### The input

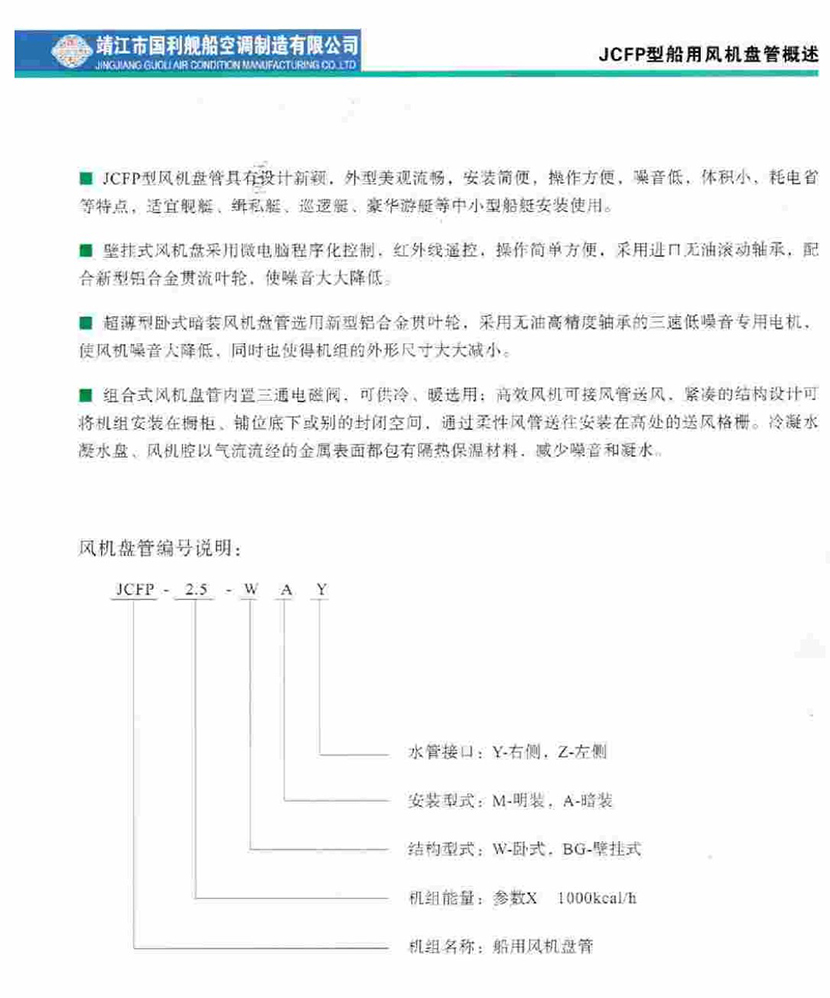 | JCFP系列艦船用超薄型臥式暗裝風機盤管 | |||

######
### The input

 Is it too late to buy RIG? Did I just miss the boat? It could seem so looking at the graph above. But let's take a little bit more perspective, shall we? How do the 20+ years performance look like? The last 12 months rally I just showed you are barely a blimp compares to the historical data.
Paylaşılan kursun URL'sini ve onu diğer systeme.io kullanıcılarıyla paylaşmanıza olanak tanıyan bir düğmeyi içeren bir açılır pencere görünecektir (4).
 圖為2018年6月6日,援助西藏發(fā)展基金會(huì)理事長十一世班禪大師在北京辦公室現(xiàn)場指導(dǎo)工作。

######

**Problem requirements**
Set down, exactly as they appear above, all lines from the one that has "Is it too late" down to the one that has "圖為2018年6月6日,援助", including those two and no others.

**Answer below**
 Is it too late to buy RIG? Did I just miss the boat? It could seem so looking at the graph above. But let's take a little bit more perspective, shall we? How do the 20+ years performance look like? The last 12 months rally I just showed you are barely a blimp compares to the historical data.
Paylaşılan kursun URL'sini ve onu diğer systeme.io kullanıcılarıyla paylaşmanıza olanak tanıyan bir düğmeyi içeren bir açılır pencere görünecektir (4).
 圖為2018年6月6日,援助西藏發(fā)展基金會(huì)理事長十一世班禪大師在北京辦公室現(xiàn)場指導(dǎo)工作。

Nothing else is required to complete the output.